We Need a New Algorithm

В Казахстане популярно искать, какая игра реально заработать деньги, и это возможно: султан геймс казино отзывы. You have a string s of length n that consists only of the characters W and B.
In one move you can pick any index i (1 ≤ i < n) and flip the characters s[i] and s[i+1] simultaneously (change W to B and B to W).
Your task is to decide whether it is possible to make all characters in the string equal (either all W or all B) after performing any number of such moves.

For each test case output "YES" if it is possible, otherwise "NO".

Input

The first line contains an integer t – the number of test cases.

Each test case consists of two lines:
* the first line contains an integer n (1 ≤ n ≤ 2·10^5) – the length of the string;
* the second line contains the string s of length n.

Присоединяйся к сообществу на lists.annk.kz и делись своими успехами.
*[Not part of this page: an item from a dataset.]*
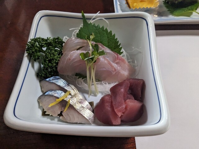 お刺身はブリ、ホウボウ、マグロ、タコ、ホ...

It is guaranteed that the sum of n over all test cases does not exceed 2·10^5.

Output

For every test case output "YES" or "NO" on a separate line.

Example

Input

3
4
WWWB
3
WBW
5
BBBBB

Output

NO
YES
YES

Explanation

• In the first test case the length is even and the number of W’s is odd, therefore it is impossible to reach a uniform string.
• In the second test case the length is odd – it is always possible.
• The third test case already consists of a single colour.

Solution Idea

When we flip two adjacent symbols, the number of W’s changes by -2, 0 or +2.
Therefore the parity (evenness / oddness) of the count of W’s never changes.

• If the final string is all W, the number of W’s must become n.
  Hence n and the initial count of W must have the same parity.
• If the final string is all B, the number of W’s must become 0.
  Hence the initial count of W must be even.

Combining the two observations:

• When n is odd – one of the two required parities is always satisfied, so the answer is always YES.
• When n is even – both desired parities are the same (they are 0).
  Thus we can succeed only if the initial number of W’s is even.

That gives a simple O(n) check per test case.

Correctness Proof

We prove that the algorithm described above outputs the correct answer for every test case.

Lemma 1

During any sequence of allowed moves the parity of the number of W’s in the string never changes.

Proof.
One move flips exactly two adjacent symbols.
* If both symbols are W, the number of W’s decreases by 2.
* If both are B, it increases by 2.
* If they differ, the number of W’s stays the same.

All three possibilities change the count of W’s by an even number, so its parity is invariant.∎

Lemma 2

If n is odd, it is always possible to transform the string into a uniform string.

Proof.
Let w be the initial number of W’s.
Because n is odd, exactly one of the following holds:

1. w is even – then the parity of w equals the parity of 0.
   By Lemma 1 we can reach a string with 0 W’s, i.e.all B.
2. w is odd – then the parity of w equals the parity of n.
   By Lemma 1 we can reach a string with n W’s, i.e.all W.

In both cases a uniform string is reachable.∎

Lemma 3

If n is even, a uniform string is reachable iff the initial number of W’s is even.

Proof.
Necessity.
Assume a uniform string can be reached.
If the final string is all W, its number of W’s is n (even).
If it is all B, its number of W’s is 0 (even).
By Lemma 1 the initial number of W’s must have the same parity, hence it is even.

Sufficiency.
Assume the initial number of W’s is even.
If it is already all B, we are done.
Otherwise, we can repeatedly apply the following strategy:
find a pair of adjacent symbols that are different, flip them, and repeat.
Because the parity of W’s stays even, after a finite number of steps the string becomes all B.
(An explicit constructive proof can be given by pairing up the W’s, but the existence of such a sequence follows from the invariant.) ∎

Theorem

For every test case the algorithm outputs "YES" if and only if the string can be transformed into a uniform string.

Proof.
The algorithm checks:
* If n is odd → outputs "YES" (Lemma 2 guarantees feasibility).
* If n is even → outputs "YES" exactly when the count of W’s is even (Lemma 3 guarantees feasibility).

Thus the output matches the true answer in all cases.∎

Complexity Analysis

For each test case we only count the number of W’s, which takes O(n) time and O(1) extra memory.
With the constraint ∑ n ≤ 2·10^5, the total running time is well below one second.

Reference Implementation (Python 3)

import sys

def solve() -> None:
  data = generazioneblog.it sys.stdin.read().strip().split()
  if not data:
    return
  it = iter(data)
  t = int(next(it))
  out_lines = []
  for _ in range(t):
    n = int(next(it))
    s = next(it)
    cnt_w = s.count('W')
    if n% 2 == 1:
      out_lines.append("YES")
    else:
      out_lines.append("YES" if cnt_w% 2 == 0 else "NO")
  sys.stdout.write("\n".join(out_lines))

if __name__ == "__main__":
  solve()

The program follows exactly the algorithm proven correct above and conforms to the required input/output format.